Ceci génère des coûts beaucoup plus importants pour les patients et pour l’AMO. De même, les acharnements thérapeutiques dans des cas de cancers incurables et sans espoir, au lieu de privilégier des soins palliatifs, sont générateurs de surcoûts aussi lourds qu’inutiles.
Mettre en place des protocoles thérapeutiques pour toutes les affections et surtout veiller à leur respect, permettra d’améliorer la qualité et la sécurité des soins tout en optimisant le financement de l’AMO.
Et comme les mêmes causes produisent les mêmes effets, ce qui a contribué à couler la CNOPS, pourrait très bien menacer l’ensemble de notre système de santé, si rien n’est fait pour améliorer la gouvernance des recettes et des dépenses en matière de santé.
F. N. H. : La Haute autorité de santé et l’Agence marocaine des médicaments et des produits de santé sont désormais en place.

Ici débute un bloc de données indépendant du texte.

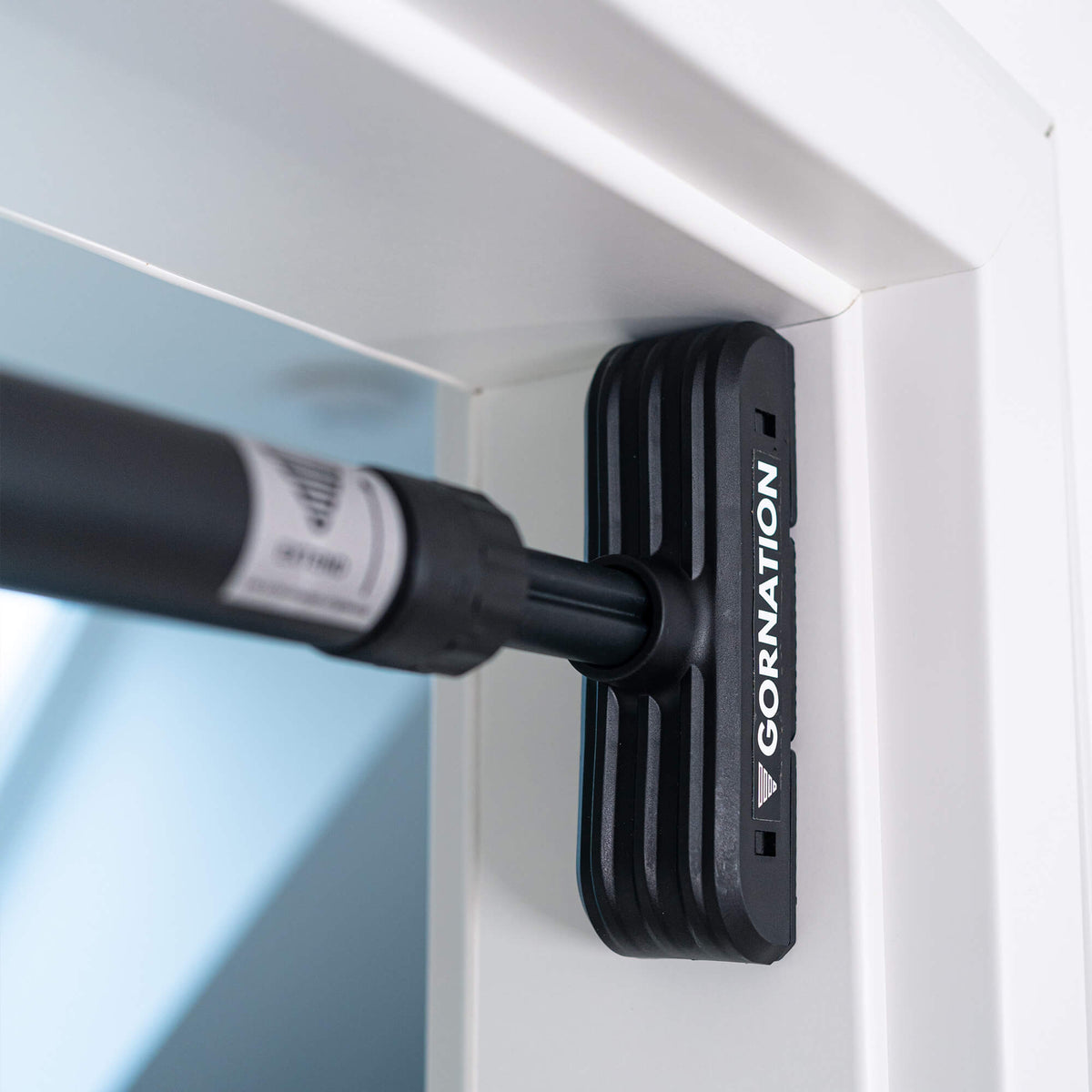 The Extend-it bar is designed for universal compatibility with all standard door frames. Your door frame's inner diameter must be between 74 cm and 90 cm. The rotating mechanism allows for precise adjustment, while the rubber-protected ends, with a contact surface of 17 cm by 5 cm, evenly distribute pressure to ensure stability without damaging walls or door frames. Important: The door frame's depth should be at least 5 cm for proper installation.
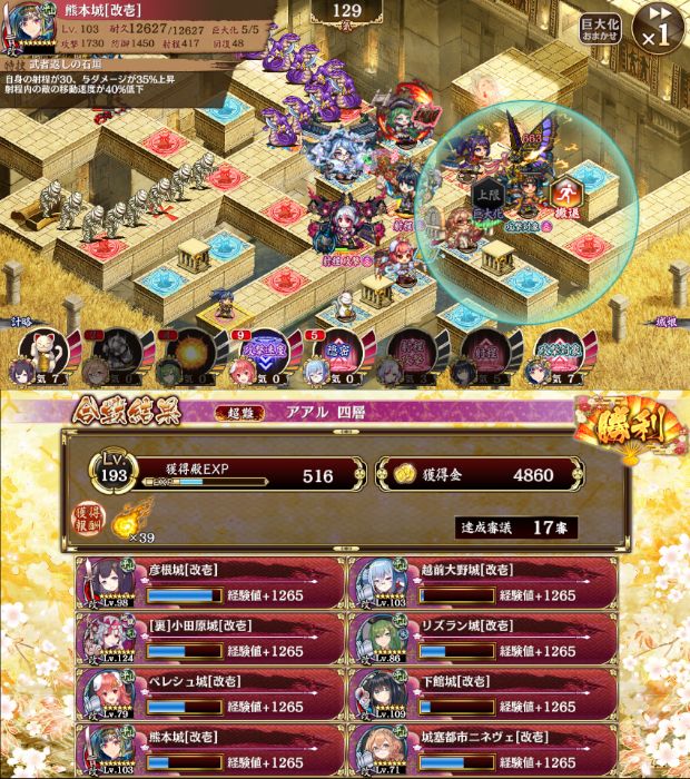 ガチャ星7抜き17審(彦根は三名城チケで取るものとする)。アヌビスは彦根に裏小田原計略かけて対処。彦根熊本は無施設でもOK(熊本に射程施設あると面倒が減る)
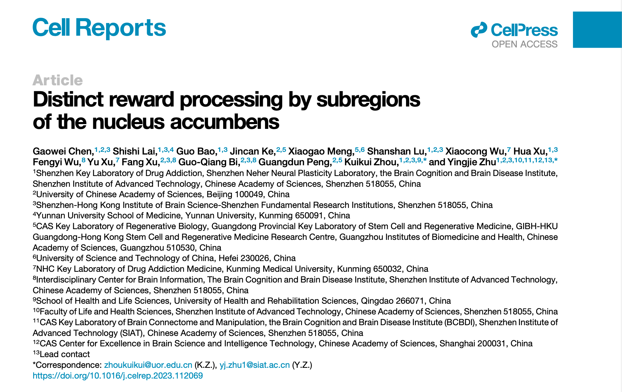近日,中国科学院深圳先进技术研究院脑认知与脑疾病研究所/深港脑科学创新研究院/深圳理工大学(筹)朱英杰团队,在Cell Reports 杂志在线发表了题为“Distinct reward processing by subregions of the nucleus accumbens” 的文章,揭示了伏隔核不同亚区在分子、环路及奖赏编码中的特征,为未来在生理和疾病情况下伏隔核功能亚区的细分提供了新的理论框架.
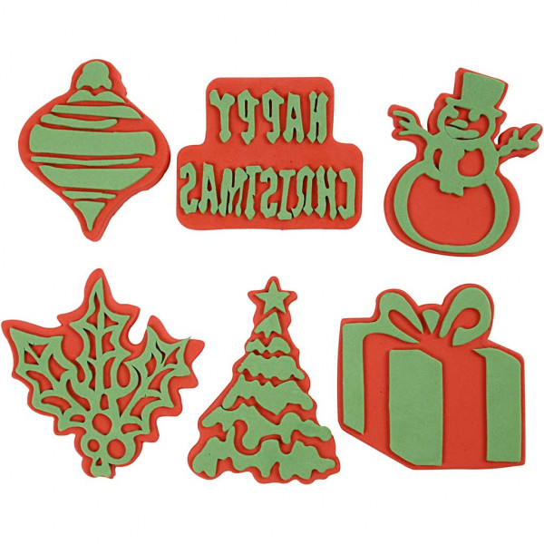Christmas Foam Stamps,, H: 6-8 cm, W: 6-8 cm, 6 pcs [HOB-95251]
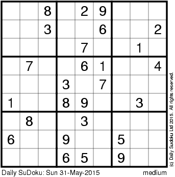 The Daily SuDoku: Sun 31-May-2015
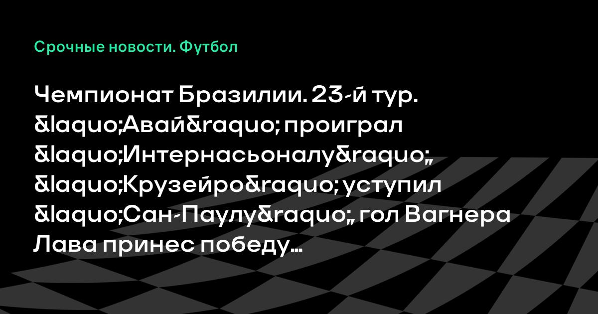 Чемпионат Бразилии. 23-й тур. «Авай» проиграл «Интернасьоналу», «Крузейро» уступил «Сан-Паулу», гол Вагнера Лава принес победу «Палмейрасу» и другие результаты

Quel rôle peuvent-elles jouer dans la régulation des prix des médicaments et quelles actions pourraient être engagées pour éviter de telles dérives ?
A. B. : Tout d’abord, il est important de préciser que l’impact des médicaments sur les équilibres budgétaires des caisses de l’assurance maladie ne dépend pas seulement de leurs prix, mais aussi de leur bonne utilisation et de leurs statuts de remboursement.

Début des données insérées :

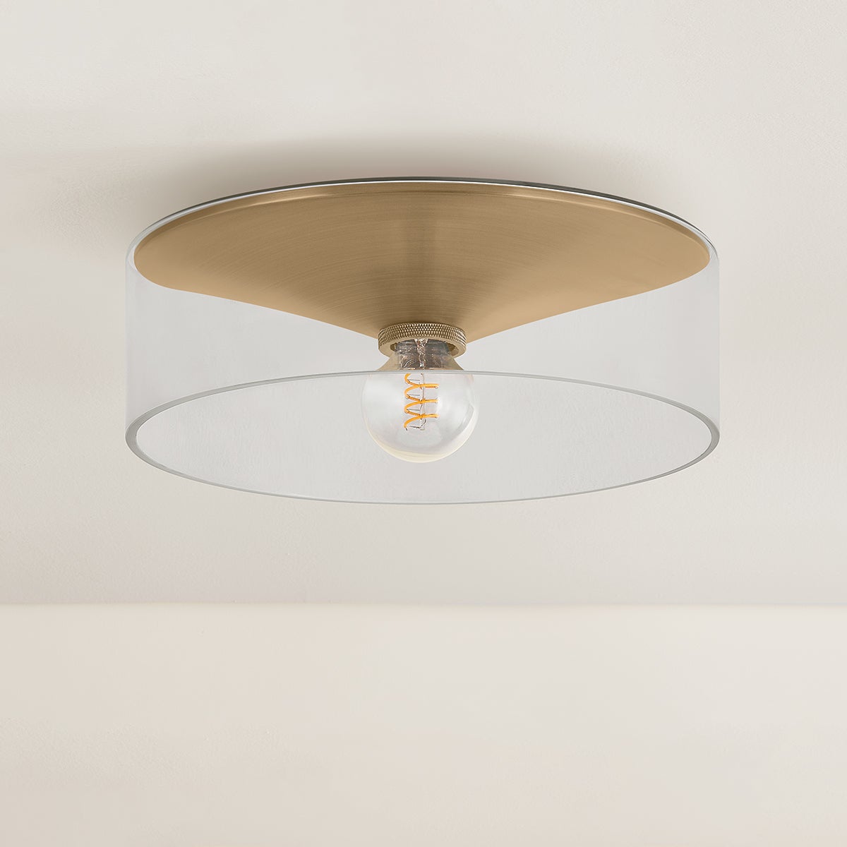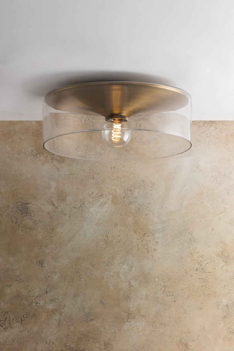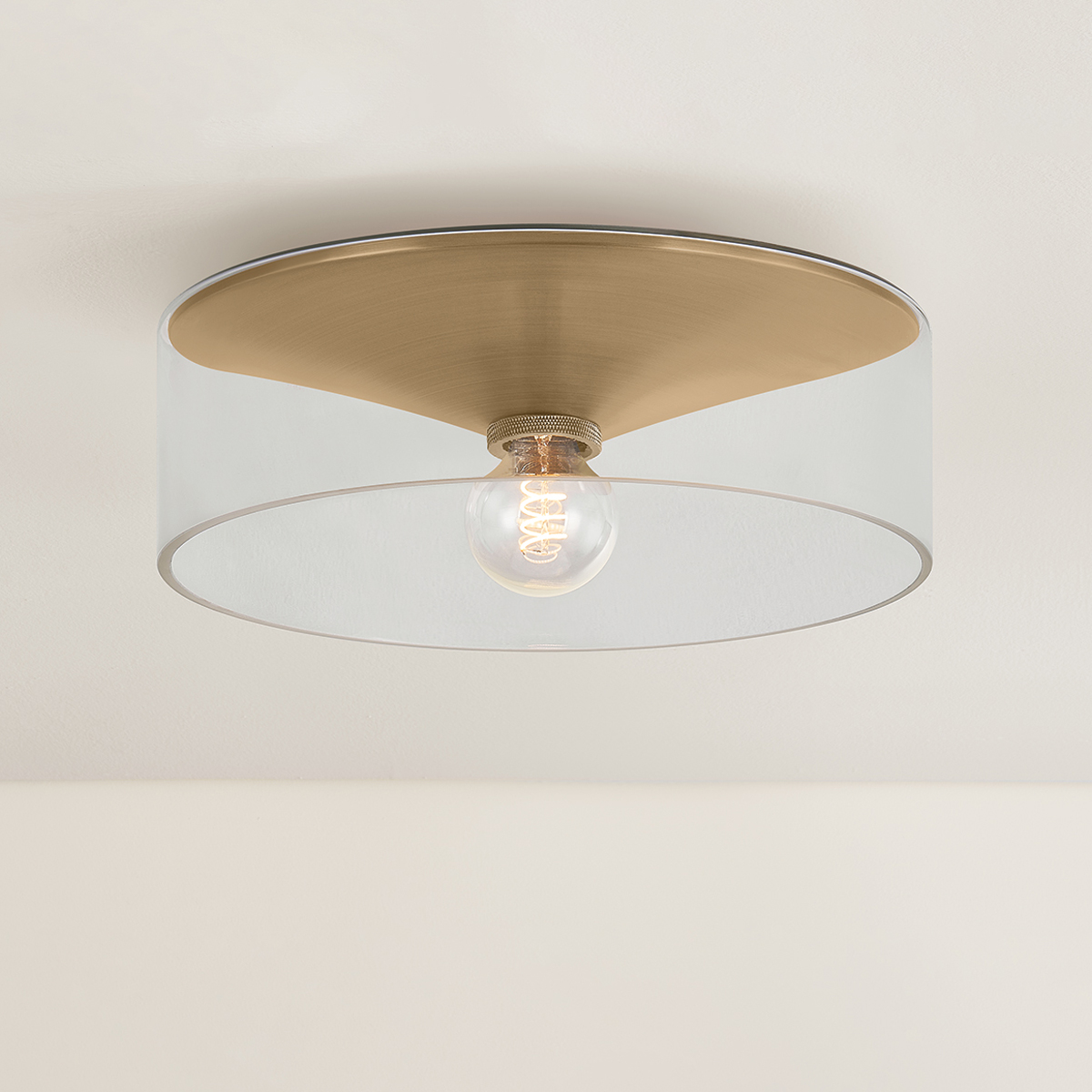 The Killian flush mount’s imaginative design is simple yet impactful. An inner funnel-shaped metal dish is encased by a cylindrical outer glass piece, creating a seamless shade. As a notable detail, a clear glass bulb emerges from the central gap like a drop of water. The Patina Brass finish adds a soft warmth to this organically-inspired fixture.

A ce titre, la Haute autorité de santé, qui sera la principale source des décisions en matière de santé, va entre autres, compte tenu de ses fonctions et missions, remplacer l’actuelle Agence nationale de l’assurance maladie (ANAM).
La HAS va donc superviser la mise en place de protocoles thérapeutiques et veiller à leur respect. De même, elle va décider quel type de soins ou de médicaments va être remboursé ou pas, sur la base de leurs véritables valeurs ajoutées thérapeutiques, et ceci en tenant compte de preuves basées sur des évidences scientifiques.
La HAS aura aussi le pouvoir de sanctionner tout dérapage thérapeutique. Quant à l’Agence marocaine des médicaments et des produits de santé (AMMPS), qui a remplacé la défunte direction des médicaments et de la pharmacie (DMP), elle aura une autonomie administrative et financière et un pouvoir plus élargi avec des ressources humaines enrichies de profils pointus.
En outre, l’agence sera en mesure d’en finir avec les anomalies et dysfonctionnements dans la fixation des prix des médicaments.
Le travail conjugué de ces deux institutions permettra à la fois de garantir des soins et des médicaments de qualité pour l’ensemble des patients et d’optimiser les financements de la santé.